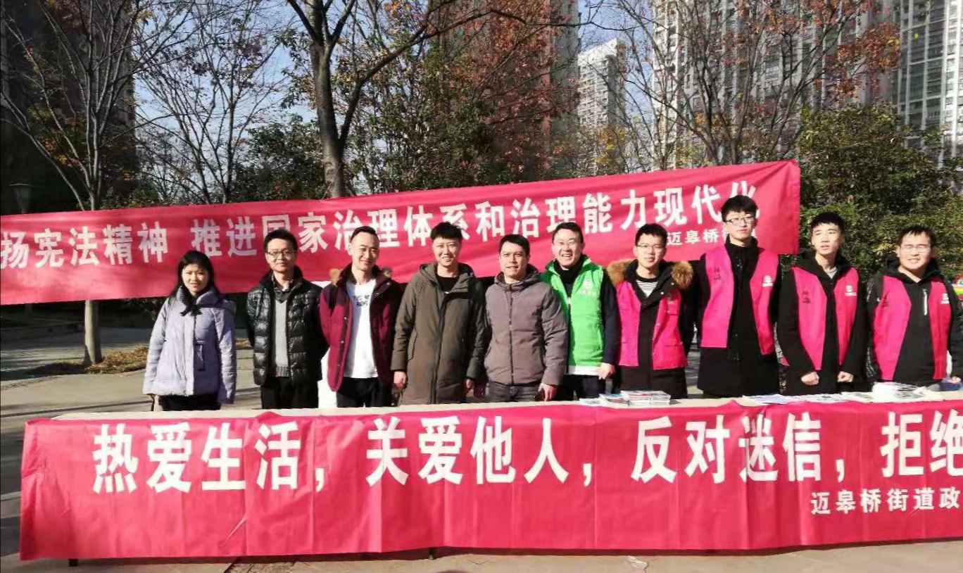 法学院法律援助中心联合迈皋桥司法局在迈皋桥街道丁家庄苏果超市广场开展了主题为“增强法治观念,弘扬宪法精神”的国家宪法日普法活动。活动内容包括发放宣传手册、知识普及、法律咨询等。志愿者们为市民们介绍有关国家宪法日的背景与发展历程等内容。针对市民们提出的问题,志愿者们耐心解答并提供法律咨询。
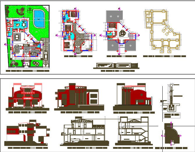 Here is the detailed autocad dwg of floored villa full project with its detail civil plan of the villa,its furniture layout ,presentation plan,rendered plan,sectional elevations.
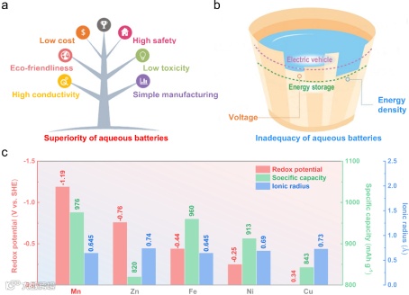 图1. 水系锰金属负极的研究意义。水系电池的优势(a)和不足(b),锰金属负极和其他水系金属负极的氧化还原电位、理论比容量和离子半径对比(c)。
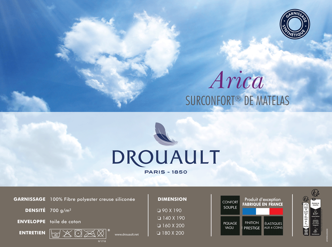 Surmatelas DROUAULT ARICA 700 g/m² fibre polyester creuse siliconée Fabrication Française. Ligne Bien-être de DROUAULT. Surmatelas ARICA 700 gr/m² 100%...
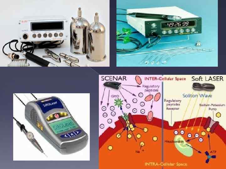 Терапиялық тиімділігі: қабынуға қарсы әсер, бактерия жойғыш және бактериостатикалық әсер, ісікке қарсы әсер, алмасу процестерінің жақсаруы, біте бастау процестерінің үдетілуі, қан элементтерінің жасалуына әсер етеді (эритроциттер, гемоглобин мөлшері ұлғаяды, ЭОЖ азаяды), тромболиттік әсер, нейроэндокринді жүйенің қызметтерін белсенді ету, аралық ми – мидың қосымша бөлігі – бүйрек безі жүйесін қуаттандыру, организмнің табиғи төзімділігін қуаттандыру, сондай-ақ сезімталдықты жоғалту әсері. Тиімділік тірі материяны ұйымдастырудың барлық деңгейлерінде айқындалады: субклеткалық, тіндік, органдық және жүйелік. Лазерлік аппаратура. Лазерлік физио- және рефлекстік терапия үшін қолданылатын, терапиялық аппараттарда, газдық гелий-неондық және галлий арсенидіндегі жартылай өткізгішті лазерлер аса кеңінен пайдаланылады. Гелийнеондық лазерлер қан және қоймалжың қабаттар клеткаларымен аса тиімді жұтылатын, қызыл түсті сәуле шығарады (толқынның ұзындығы 632 нм). Жартылай өткізгішті лазерлер инфрақызыл сәуле шығаруды генерациялайды (толқынның ұзындығы 760 -1200 нм), олардың жұтылу коэффициенті қызыл түспен салыстырғанда аз, бірақ биотіндерге өту тереңдігі үлкен – 7 см-ге дейін болады. Жұмыста AL-010, SOFT-LASER, «Галамед» , «Оптодан» сериялы лазерлік аппараттар кеңінен пайдаланылады. Көрсеткіштері: төмен қарқынды лазерлік терапия әр түрлі тіндердегі қабыну және азғындау-дистрофия процестерімен, ауыру синдромымен, организмнің жергілікті қан айналысы-метаболистикалық және иммундық-резистенттік функцияларының бұзылуымен қоса жүретін, алуан түрлі ауруларды емдеу үшін, сондай-ақ зақымданған тіндерді қайтадан қалпына келтіру үшін көрсетілген.
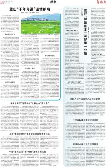 该县将“千年鸟道”管护体系改革纳入全县“十项重点改革”,形成多层次的制度管理格局。去年来,先后制定出台蓝山县保护“千年鸟道”安全专项行动方案、候鸟保护“十大”长效机制、候鸟保护巡护值守实施方案等方案。县委全会通过了推动“千年鸟道”保护常态长效的实施意见。今年3月,县“两会”分别形成了推动“千年鸟道”保护常态长效的政治决议、关于在全县深入开展候鸟等野生动物保护工作的决议。多个候鸟保护政策文件的出台,把候鸟保护责任落实到单位、到人,形成全县上下“一盘棋”抓候鸟保护的格局。
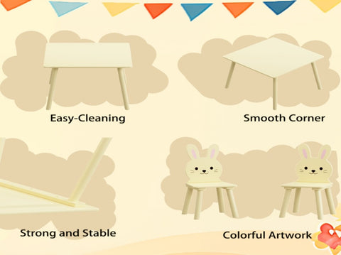 【Adorable Bunny-Themed Design】This kids table and chair set features two charming bunny-shaped chairs that create a fun and inviting space for reading, drawing, crafting, and snack time. A delightful addition to any playroom or bedroom.
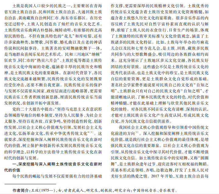 文化自信是新时代各民族文化发展的持久力量。在当代土族传统音乐文化的保护传承与创新性发展中, 要坚持以文化自信为价值引领,深度挖掘并阐释土族传统音乐中所蕴含的新时代价值,用科学的态度认识土族传统音 乐文化,用科学理念服务于土族传统音乐的传承与创新性发展,合理建构创新性发展的实践路径,为其进一步发展夯实 基础;同时,要激发土族传统音乐文化的创作活力,多层次、全方位地推动土族传统音乐文化传承与创新。
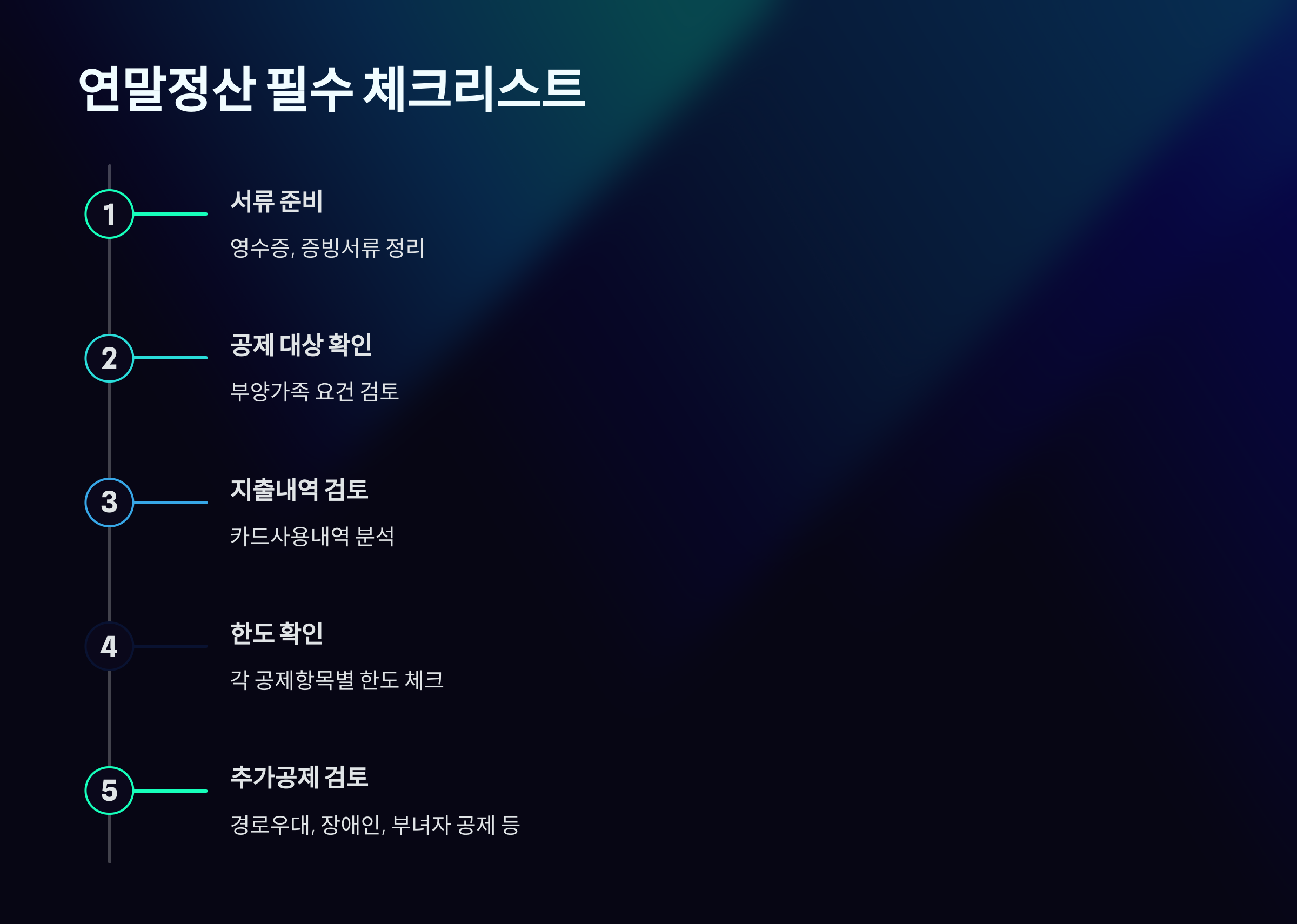 - 세액공제 확인: 의료비, 교육비, 기부금 등 공제항목 정리

⁂

WORK ORDER
Nothing but the lines from the one with "Here is the" up to and including the one with "Surmatelas DROUAULT ARICA" should be printed, exactly as they read above. Please keep the pictures out.

TASK ANSWER
 Here is the detailed autocad dwg of floored villa full project with its detail civil plan of the villa,its furniture layout ,presentation plan,rendered plan,sectional elevations.
 图1. 水系锰金属负极的研究意义。水系电池的优势(a)和不足(b),锰金属负极和其他水系金属负极的氧化还原电位、理论比容量和离子半径对比(c)。
 Surmatelas DROUAULT ARICA 700 g/m² fibre polyester creuse siliconée Fabrication Française. Ligne Bien-être de DROUAULT. Surmatelas ARICA 700 gr/m² 100%...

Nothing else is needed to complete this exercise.